Choreh Farrokh
« STEC : des nouvelles moins alarmantes »
Choreh Farrokh, chef du service sécurité sanitaire au Cniel, fait le point scientifique et réglementaire sur le risque STEC.
Fin 2014, la France était très inquiète au sujet du projet de lignes directrices européennes sur les STEC. Où en sommes-nous aujourd’hui ?
La 4e version de ce projet, en date d’octobre 2015, est moins alarmante. Elle est beaucoup plus souple, intègre la notion du niveau d’’incertitude scientifique sur la pathogénicité des souches et laisse à chaque Etat membre le soin de définir le danger STEC.
Au départ, l’Europe se basait uniquement sur la seule présence de souches isolées d’E.coli porteurs du gène de virulence stx+. Ce qui rendait non conformes, selon nos estimations, environ 10% des fromages au lait cru. Or nous savons désormais que le caractère pathogène de ces STEC est lié non seulement à la présence du gène stx mais aussi à d’autres facteurs : appartenance aux 5 stéréotypes majeurs considérés comme « hautement pathogènes », et présence simultanée de gènes de virulence spécifiques… En réunissant ces facteurs, nous estimons le pourcentage de non-conformités de 1% à 4% selon les fromages.
On ne parle donc plus d’harmonisation européenne ? Des Etats-membres vont pouvoir déclarer non conformes des produits français selon leurs propres critères ?
C’est déjà le cas de la part de pays comme l’Allemagne ou la Belgique. De facto, nous sommes revenus au point de départ lorsque chaque Etat définissait sa propre politique, les STEC n’étant pas cités dans les critères microbiologiques définis au niveau communautaire.
Quelle est donc la réglementation en France ?

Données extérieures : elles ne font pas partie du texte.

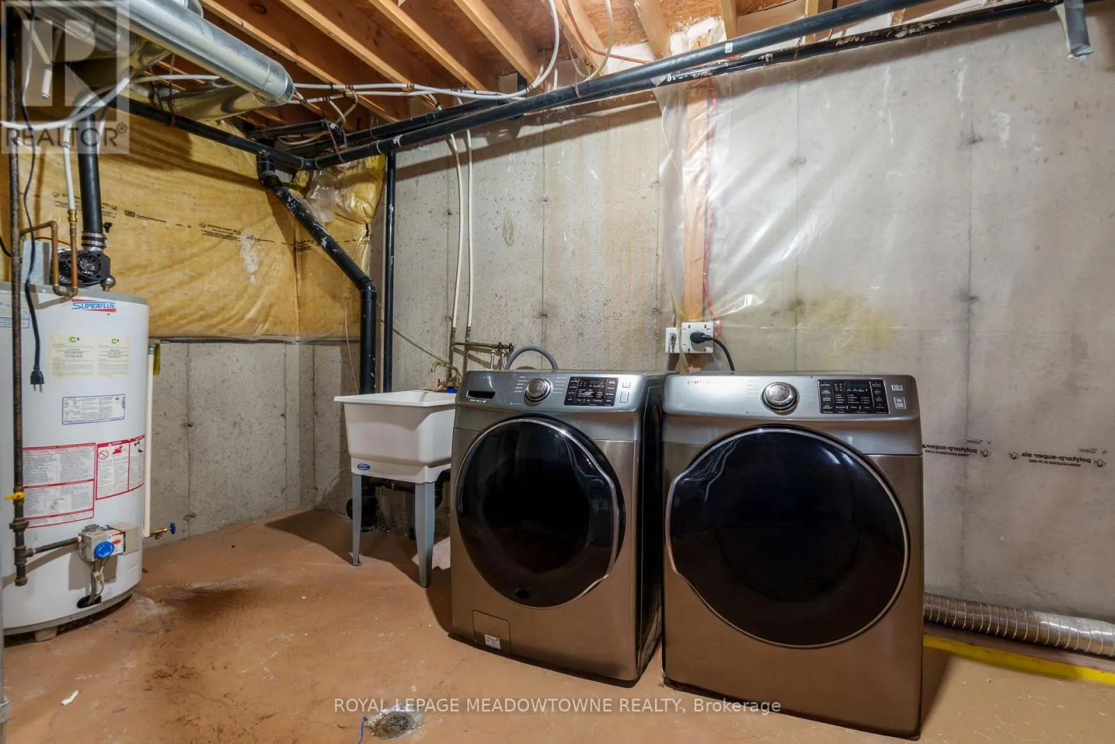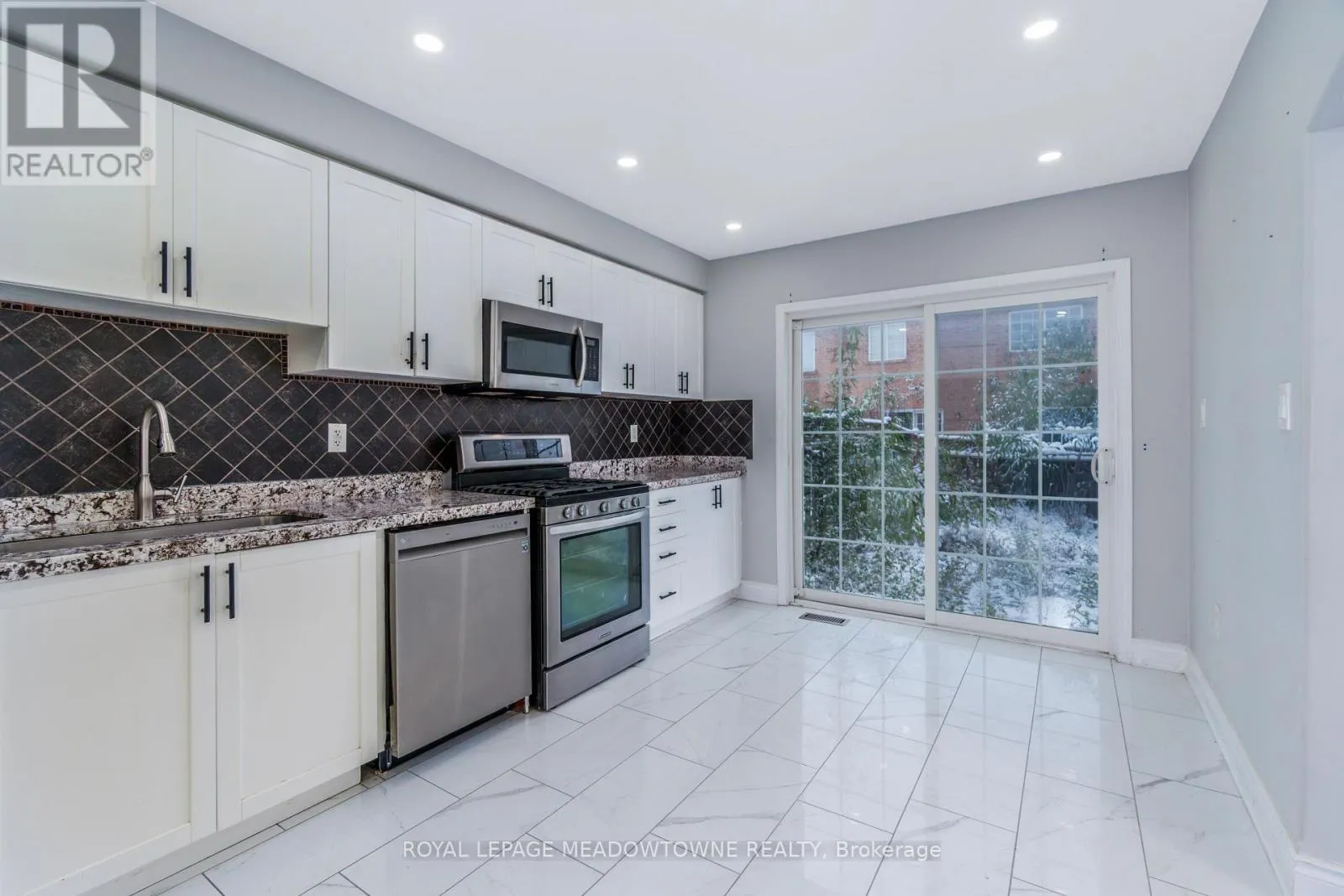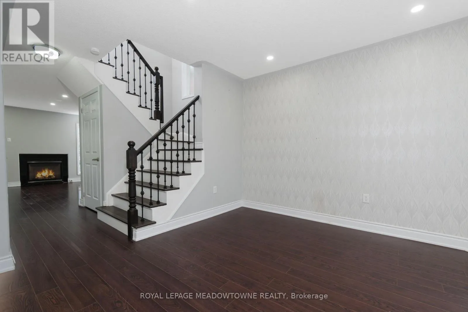 Cross Streets: Derry/Thompson. ** Directions: Derry Rd-Thompson Rd - at Corner of Clark and Thompson. Welcome to this 3-bedroom, 3-bathroom semi-detached home in Milton's highly sought-after Beaty neighbourhood. Perfectly situated within walking distance to schools, parks, shopping, restaurants, and the Beaty Library, with quick access to major highways for an easy commute. A covered porch welcomes you to the home. Inside, the spacious formal living and dining area at the front features a large bright window, pot lights, and stylish laminate flooring. The layout flows seamlessly into the cozy family room, highlighted by a gas fireplace and two windows overlooking the fenced backyard. The updated eat-in kitchen overlooks the family room and showcases modern white cabinetry, granite countertops, tile backsplash and convenient access to both the garage and backyard. An updated powder room completes the main level. Upstairs, the bright staircase with wrought iron spindles leads to three generous bedrooms and two full bathrooms. The primary suite offers laminate flooring, a walk-in closet, and a 4-piece ensuite complete with a large granite-topped vanity, separate shower, and deep soaker tub. The additional bedrooms feature laminate floors and ample closet space, while the main 4-piece bathroom includes an oversized vanity with granite counter and a tub/shower combo. The unfinished basement provides a great layout, a rough-in for a future bathroom, and endless possibilities to create the perfect space for your family. With a single-car garage and parking for 2-3 more vehicles on the driveway, this home truly combines comfort, convenience, and value in one of Milton's most desirable areas. (id:27476)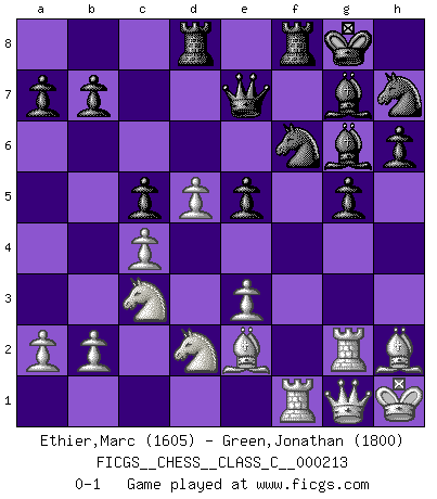 Last move : 0-1 2015 June 14 11:14:42 [Event "FICGS__CHESS__CLASS_C__000213"] [Site "FICGS"] [Date "2014.09.16"] [Round "1"] [White "Ethier,Marc"] [Black "Green,Jonathan"] [Result "0-1"] [WhiteElo "1605"] [BlackElo "1800"] 1.d4 f5 2.Bf4 Nf6 3.e3 g6 4.h4 h6 5.c4 d6 6.Nc3 Bg7 7.Nf3 c6 8.Be2 Be6 9.O-O O-O 10.Qb3 Qb6 11.Qc2 Nbd7 12.Rad1 Nh5 13.Bh2 Ndf6 14.Nd2 Qd8 15.f3 Qe8 16.Rde1 Qd7 17.Qd1 Nh7 18.Nb3 Bf7 19.g4 N5f6 20.gxf5 Qxf5 21.Rf2 Qh3 22.Rg2 Qxh4 23.f4 g5 24.Nd2 Qh3 25.Rg3 Qd7 26.Kh1 Kh8 27.Rg2 Rad8 28.Reg1 Bg6 29.Qe1 Qh3 30.Rf1 c5 31.d5 e5 32.fxe5 dxe5 33.Rf3 Qd7 34.Qg1 Qe7 35.Rf1 Kg8 0-1 Dutch Kingside Castling by player White (move 9) Kingside Castling by player Black (move 9) Player Black won this chess game. Follow this game move after move (download)Good offense and good defense both begin with good development. (Bruce A. Moon) Schach ist ein Kampf gegen den Fehler. (Johannes Herrman Zukertort) Dios mío, Bobby Fischer juega tan simple. (Alexei Suetin) On est toujours la mazette de quelqu'un d'autre. (Anonyme) Go and wake up your luck. (Persian saying)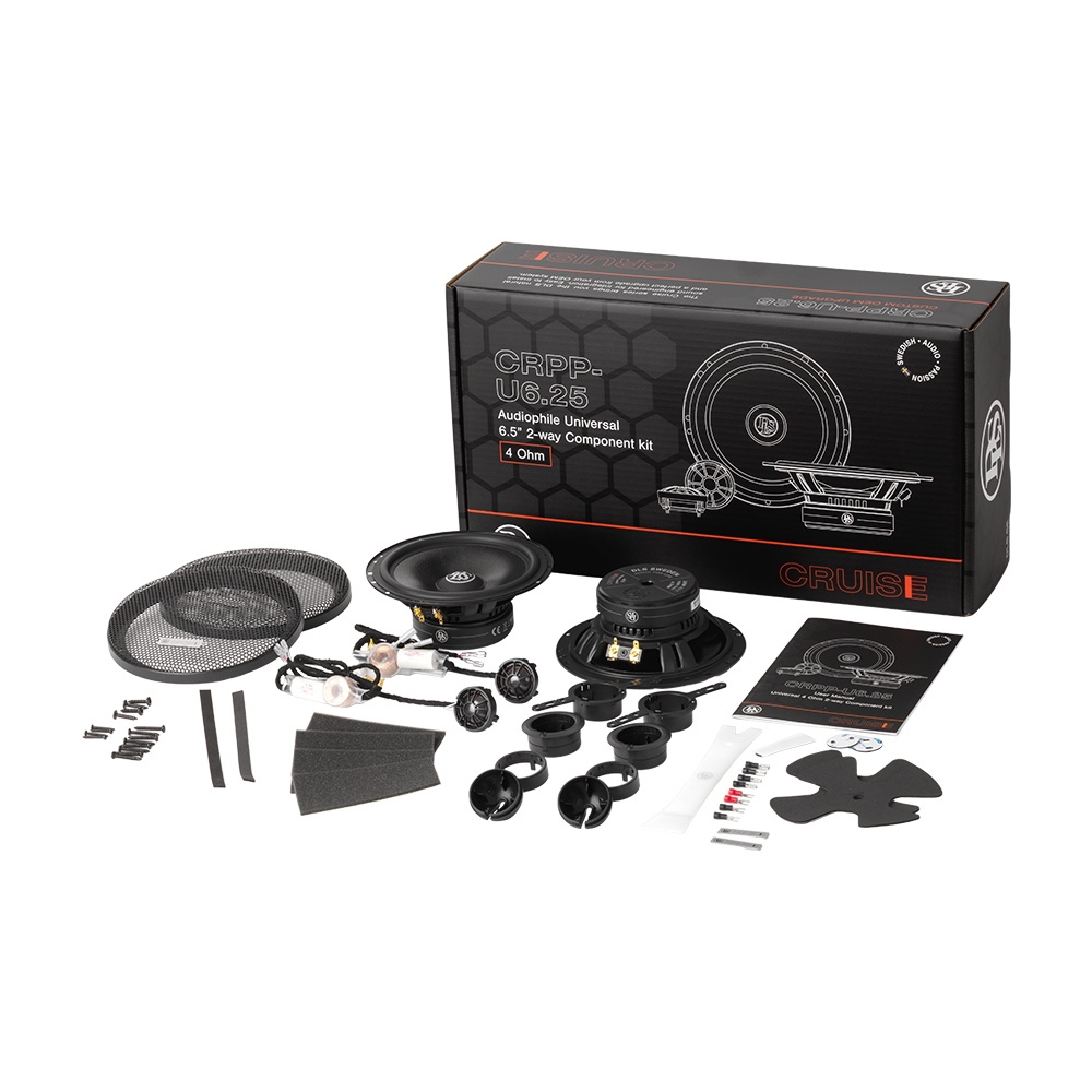 DLS Cruise CRPP-U6.25 är ett komplett kitsystem med midbas och diskant byggt för dig som vill uppgradera ljudet i bilen, en gång för alla. Med ett naturligt, klart och dynamiskt ljud lyfter högtalarna varje resa, hur kort den än är. I lådan hittar du CRPP-UW64 och CRPP-UT25, tillsammans med delningsfilter med Mundorf-kondensator och sexkantmönstrade galler för synlig montering i dörrsida, kickpanel eller låda.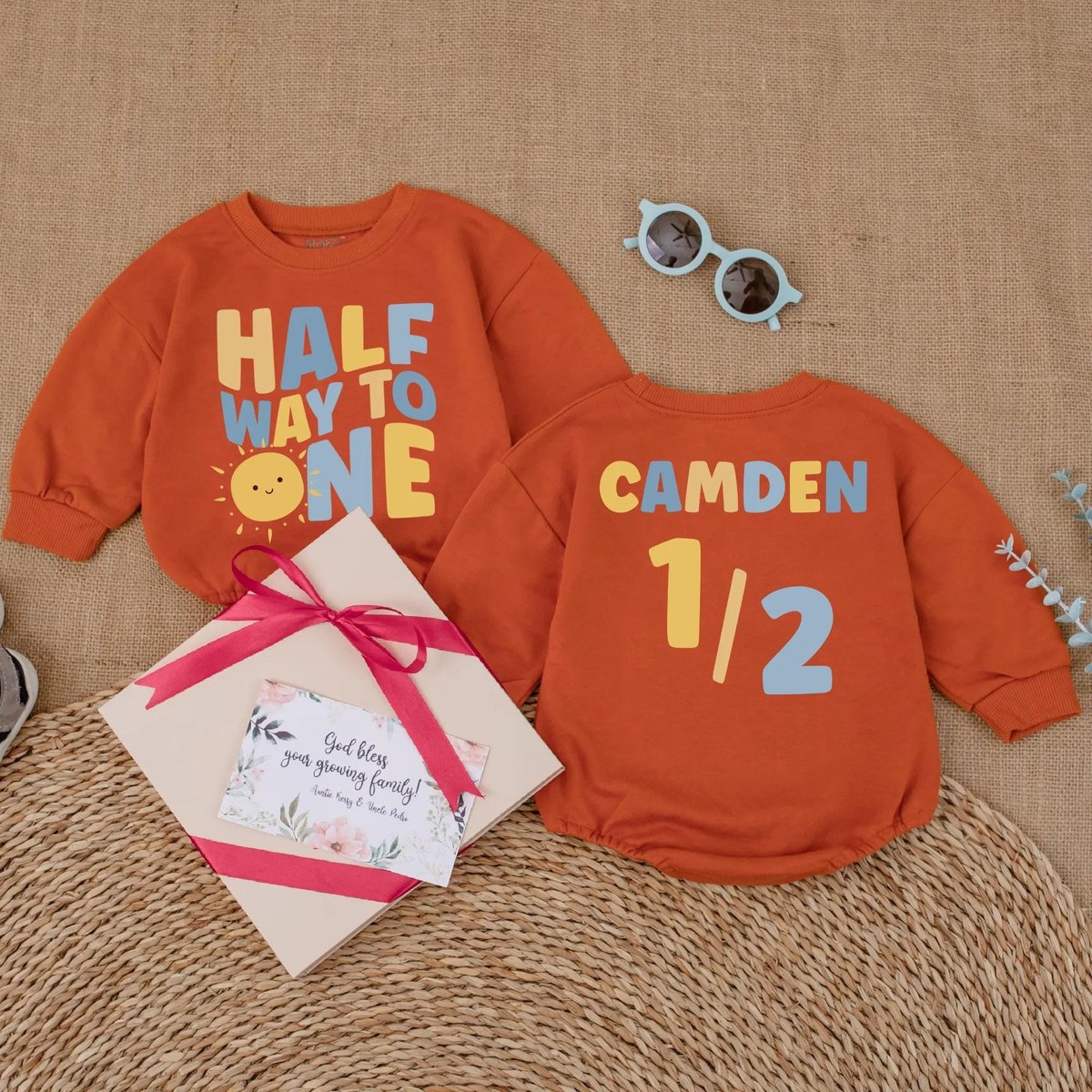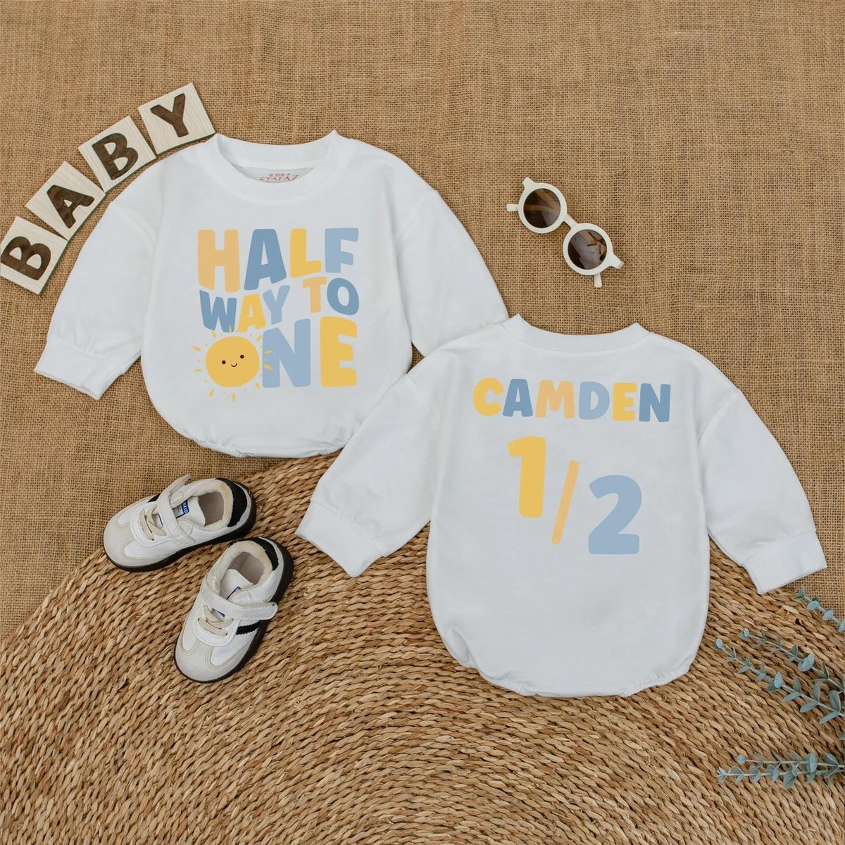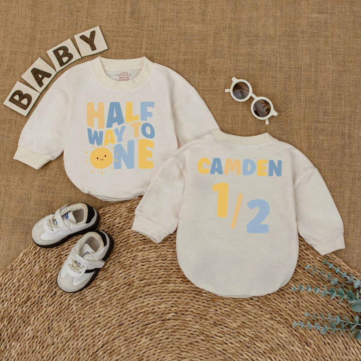 Personalized Sunshine Half Way to One Baby Romper Half Birthday Baby Bodysuit Custom Name Outfit for 433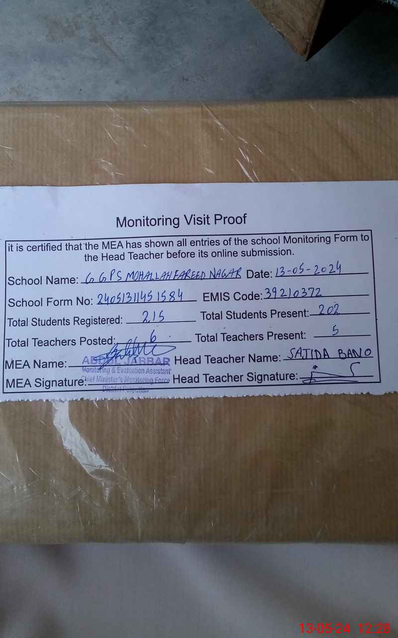 | EMIS Code: 39210372 | Name of School: GGPS MOHALLAH FAREED NAGAR | |||

Le règlement européen 178/2002 stipule qu’aucune denrée alimentaire n’est mise sur le marché si elle est dangereuse. Toutefois, aucun critère microbiologique n’a été défini au niveau européen. Par contre, le « Guide de gestion des alertes » de la DGAL définit dans son annexe n°11 la gestion des alertes pour le danger STEC, avec la définition des 5 sérotypes hautement pathogènes. L’exploitant étant tenu responsable de la qualité sanitaire de ses produits et les STEC représentant un danger potentiel, il lui appartient de prendre les mesures nécessaires pour commercialiser des produits sûrs.
Concrètement, quel plan d’échantillonnage mettre en place ?
Les chercheurs doivent encore progresser pour apporter une réponse pertinente. Le problème est que la prévalence des STEC est très faible dans les fromages : sur un même fromage, on peut détecter des STEC d’un côté, et pas de l’autre. Les chercheurs sont en train de travailler par la modélisation et l’approche « Appréciation quantitative des risques ». La croissance des STEC est déjà modélisée dans les fromages pour les principales technologies, mais il nous faut aussi connaître la prévalence précise des STEC dans le lait. C’est un travail long et complexe, il nous faudra peut-être encore deux ans pour évaluer la pertinence des plans d’échantillonnage et faire des recommandations.
Nos connaissances scientifiques ont-elle progressé ?
Trois projets de recherche sont en cours sur la pathogénicité des STEC. Mais ils ne sont pas encore complètement aboutis.. Reste qu’en termes d’épidémiologie, aucun cas de maladie lié à la consommation de fromages n’a été signalé depuis 2004.
Qu’en est-il de la gestion des alertes ?
Elle est parfaitement codifiée, via « le guide de gestion des alertes » accessible sur le site de la DGAL. Pour tout résultat d’analyses confirmées par le Laboratoire national de référence (le LNR de Lyon), indiquant la présence d’E.coli STEC considérés comme hautement pathogènes ou d’E.coli AEEC des mêmes sérotypes, il faut notifier aux autorités la non-conformité, procéder au retrait et/ou rappel des produits selon les recommandations de la DDPP, puis procéder à des analyses complémentaires sur les lots environnants (2 lots avant et 2 lots après).